The Nigerian National Petroleum Company Limited (NNPC Ltd) reported a staggering ₦4.26 trillion in revenue for the month of August 2025, according to its recently released performance report for September. This figure marks one of the highest single-month revenues for the state-owned oil company this year.
Between January and August 2025, NNPC said it had remitted a total of ₦10.073 trillion to the Federation Account. The remittance covers income from crude oil and condensate sales, gas revenue, royalty payments, taxes, and other statutory transfers owed to the federal government. The August figure alone represented an increase of approximately ₦1.21 trillion over the remittances recorded in July, bringing the cumulative remittance from January to July to ₦8.86 trillion.
On the production side, crude oil and condensate output saw a slight decline in September, averaging 1.61 million barrels per day (bpd), down from 1.65 million bpd in August. This figure also reflects a 2.9 percent drop compared to the 1.70 million bpd posted in July. Production levels during the reporting period ranged from 1.56 to 1.69 million bpd, inclusive of condensates.
Although output was below Nigeria’s technical production capacity, the volume was sufficient to maintain healthy revenue inflows into government coffers. The decline in production was attributed to scheduled maintenance at key infrastructure, including the Nigeria LNG facility, and delays in restarting operations at several oil mining leases.
Despite the strong revenue numbers, NNPC’s profit after tax took a hit in September, falling to ₦216 billion. This represents a sharp decline of ₦323 billion from the ₦539 billion recorded in August. However, the September profit still reflects an improvement over July’s ₦185 billion.
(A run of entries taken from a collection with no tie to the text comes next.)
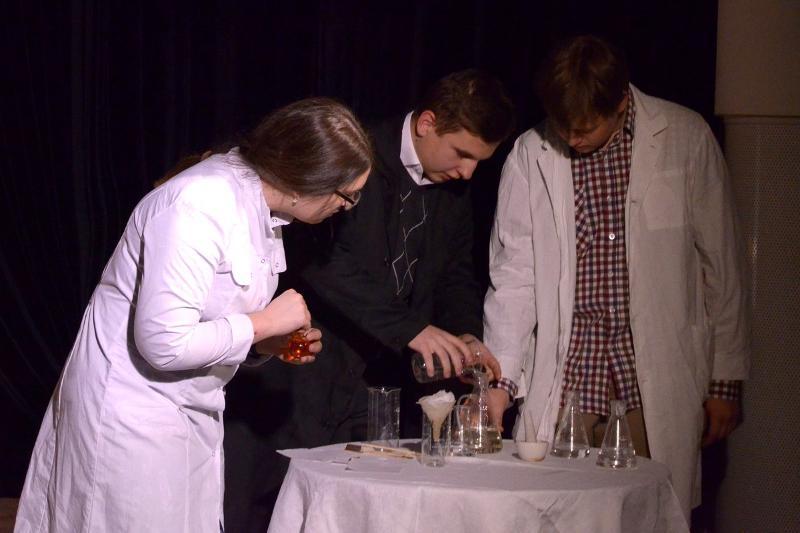 On 30 October, the first performance within the scientific and educational project "Science Theatre" was held in the main hall of the Petrovskiy book club. The idea of such a theatre was suggested by Anna Kokhanovskaya, a student of the Faculty of Physics. It was first highly praised at one of VSU’s innovation projects competitions, and later became a laureate of “Project Conveyor” within the framework of the National Educational Forum “Territory of the Meaning” on the Klyazma River. All the actors are students. The first play tells the story of invention of the Zelinskiy gas mask, a device that has saved thousands of lives.
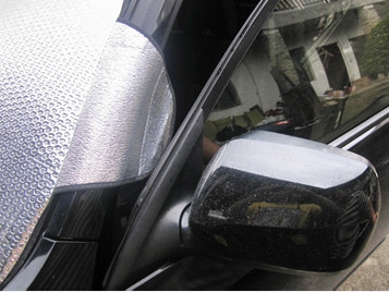 Montaż: Rozłożyć osłonę na przedniej szybie piankową warstwą do dołu. Przytrzasnąć boczne klapki drzwiami pojazdu.
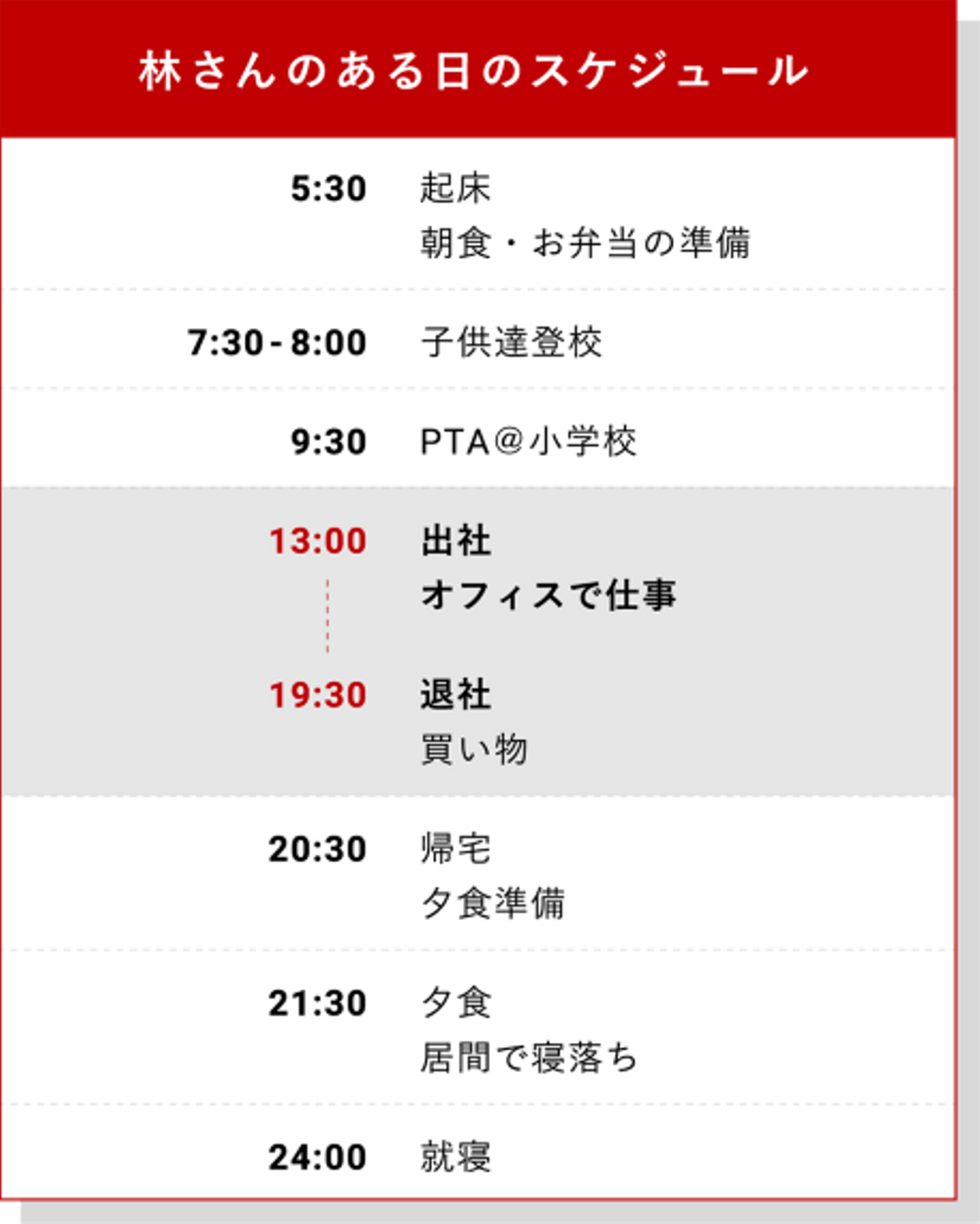 現在お二人のお子さん子育て中とのことですが、ある1日の働き方を教えて下さい。

Comparatively, June and May had seen significantly higher profits of ₦905 billion and ₦1.054 trillion respectively.
On the gas front, NNPC reported an average daily production of 6.28 billion standard cubic feet per day in September. A significant portion of this was commercialised for both domestic consumption and exports, contributing positively to overall earnings.
The company credited its continued revenue performance to steady oil and gas production, improved product supply, and enhanced operational efficiencies across its assets.